The industry was aware that when some American producers lost the protection of a quota agreement last March they were likely to take legal action to protect themselves. Although the US does include the most efficient steel makers in the world - the mini-mill specialists such as Nucor - its traditional integrated plants have suffered from underinvestment in the past 20 years. One industry source estimates they are 40 per cent less competitive than those operated by British Steel or the best French producers.

Eighty US companies duly made allegations against competitors in 19 countries. They claimed either that their rivals were subsidised (so triggering so-called countervailing duties), that they were dumping by selling more cheaply than at home, or both.

Having laid these charges, the US legal juggernaut started rolling.

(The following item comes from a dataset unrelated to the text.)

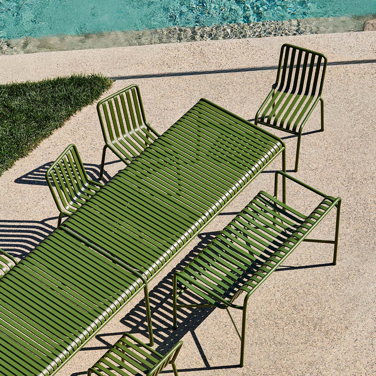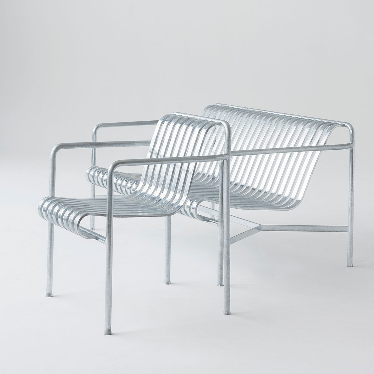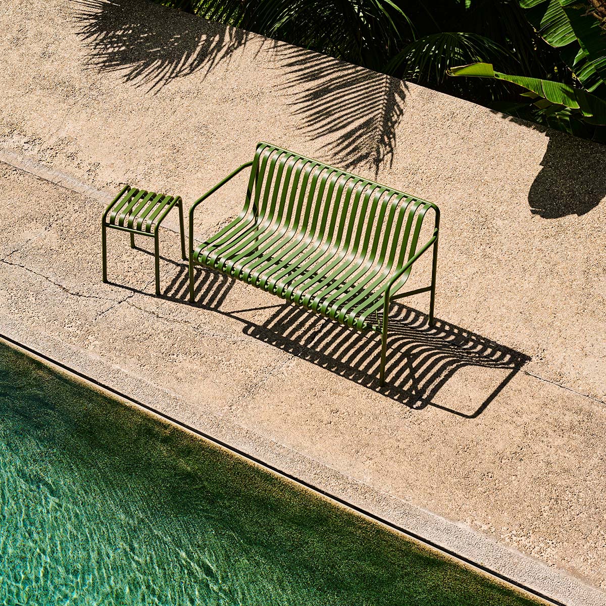 Die Palissade Außenmöbel-Kollektion wurde für Hay von Ronan und Erwan Bouroullec unter der Prämisse einer vielfältigen Anwendbarkeit entworfen: Im Café, im Restaurant, im Garten, auf der Terrasse oder auf dem Balkon. Die Kollektion aus Hockern, Bänken, Stühlen und Tischen umfasst 13 verschiedene Elemente, die nicht nur in ihrer grafischen Form, sondern auch im Hinblick auf ihre funktionalen Charakteristika vereint sind: Robust ohne klobig zu wirken, elegant ohne fragil zu sein.

One of the first companies to be targeted was UES, the Sheffield-based joint venture between British Steel and GKN. It was told that a combination of subsidy and dumping meant that it would have to pay a 38 per cent levy on its leaded bar exports.

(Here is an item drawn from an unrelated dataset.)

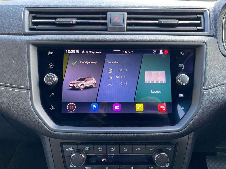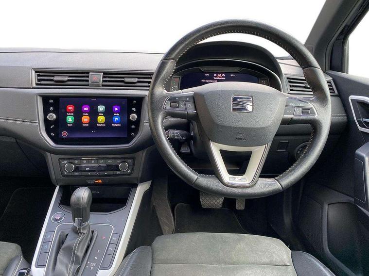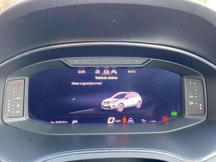 Interior chrome line trim, Leatherette dashboard, Connectivity pack plus - Arona, Interior chrome pack - Arona, Storage pack - Arona, 18" Performance alloy wheels, 2 folding remote keys with window open/close function, Alarm with back-up horn, Electronic engine immobiliser, KESSY Keyless entry and go, Locking wheel bolts, Remote central locking + deadlocks, Tow away protection, 6 speakers, Bluetooth interface for hands free and audio streaming, DAB digital radio and AM/FM radio, Steering wheel mounted audio controls, 3 point seatbelts on all rear seats, ABS, Active front headrests, Child locks on rear doors, Driver and front passenger airbags with front passenger airbag de activation, front side and curtain airbags, Electronic stability control, Emergency Brake Assist (EBA) and front assist, Front and rear seatbelt reminder, Hill hold control, Multi-Collision braking, Tiredness recognition system, Traction control, Tyre pressure monitoring system, Anti theft roof antenna, Auto dimming interior rear view mirror, Automatic activation of hazard warning lights, Automatic headlights, Body coloured bumpers, Body coloured door handle inserts, Chrome front grille frame, Chrome grille bars, Chrome grille surround, Chrome roof rails, Chrome window trim, Coming/leaving home lighting function, Electric front/rear windows with one touch/auto up/down, Electrically adjustable, heated and folding door mirrors, Front grille hot stamping, Full LED headlights dipped and mainbeam + front and rear fog lights, Hidden exhaust pipe, Ice metal door side panels, LED daytime running lights, LED rear tail lights and licence plate lights, Protective side mouldings, Rain sensing wipers, Rear window wash/wipe, Roof colour door mirrors, Visible VIN plate, Windshield wiper with intermittent control and potentiometer, 2 cupholders, 60/40 split folding rear seat, Aircare filter, Black interior roof, Double boot floor, Driver sunvisor with covered mirror + card holder, Dual zone climate control, Front courtesy light with front reading lights, Front seat back storage pockets, Gear shift indicator, Heated front seats, Height adjustable front seats, Height/reach adjustable steering column, Illuminated boot, Instrument lighting with brightness control, Interior light in footwell, central console and door panel, ISOFIX points in outer rear seats with top tether anchorage points, Leather steering wheel/gear knob/handbrake, Microsuede cloth upholstery, Multi-colour ambient interior lighting, Passenger sunvisor with vanity mirror, Storage net on centre console, Two front and three rear height adjustable headrests, 'Lights On' Reminder warning buzzer, Adaptive cruise control, Blind spot monitor, Digital clock, Digital cockpit, Electric speed sensitive power steering, Front parking sensor, Full Link Smartphone Integration with Mirror Link, Apple Car Play, Google Android Auto with USB Type C cable for Apple and Android compatibility, Low fuel warning light, Outside temperature display, Park assist system, Rear cross traffic alert, Rear parking sensor, Rear view camera, RPM counter, Seat connect with safety, service, remote and online, Trip computer, Comfort suspension,

In November a number of companies were hit by countervailing duties of up to 90 per cent. British Steel had a levy of 19 per cent applied to steel plate. The latest round of duties brings the anti- dumping levies into play. British Steel was hit by a punitive 109 per cent levy, not because that it is the correct duty, but because it told the Commerce Department investigators that they could not examine its books. British Steel will now try to get the ruling thrown out by the International Trade Commission, whose job is to determine whether foreign perfidy has damaged US companies.

European steel makers are puzzled by the arithmetic the Americans have used to come up with the duties and worried about the effect the move will have on an already oversupplied market.

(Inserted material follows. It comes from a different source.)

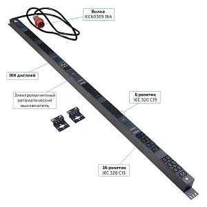 Описание: Cabeus SMART-PDU-16-3P-36C13-6C19-I309-CM (12603c) - Блок розеток для 19" шкафов, вертикальный, 36 розеток IEC 320 C13, 6 розеток IEC 320 C19,В В 3 фазы, 16А, 3х16А автомата защиты,В В 400В,В В удаленный мониторинг/управление, шнур 3м 5х2,5мм с вилкой IE 60309

With British Steel at least, the figures do not seem to support the US case. The company says it has always sold at the market price. In 1991, according to the steel analysts MEPS, this was pounds 205 per ton of steel plate in the UK and dollars 410 in the US. Given that the exchange rate was rather less than dollars 2 to the pound, British Steel was more expensive at home than in the US.

But the Americans do their sums differently. They are interested in the 'factory gate' price and so deduct freight costs. According to Edward Good, a director of the British Iron and Steel Producers Association, this 'means that pretty well all imports into the US are dumped'. If European producers were dumping, they would need to be selling at suicidal rates: domestic prices in Britain and the rest of the EC have collapsed since early 1990.

Although some companies, including UES, may continue to sell into the US despite the duties, there is a danger that 2-3 million tons of steel will be dumped back into a European market already drowning in it at rock-bottom price. In the past two years EC steel prices have dropped by 12 to 30 per cent, driven down by recession, overcapacity and the growing inroads made by cheap steel from former East Bloc countries.

The impact has been dramatic. Klockner-Werke, the German producer, has been forced to seek protection from its creditors while Thyssen yesterday threatened to sell off some steel operations if subsidies to rivals are not curbed. Even British Steel, the most efficient producer in Europe, has been pushed into heavy losses.

Steel consultants estimate that EC crude steel production needs to be cut this year by at least 2 million tons in each of the first two quarters to correct the balance between supply and demand and create sustainable market prices. The effect of the US action would largely be to reverse these cuts.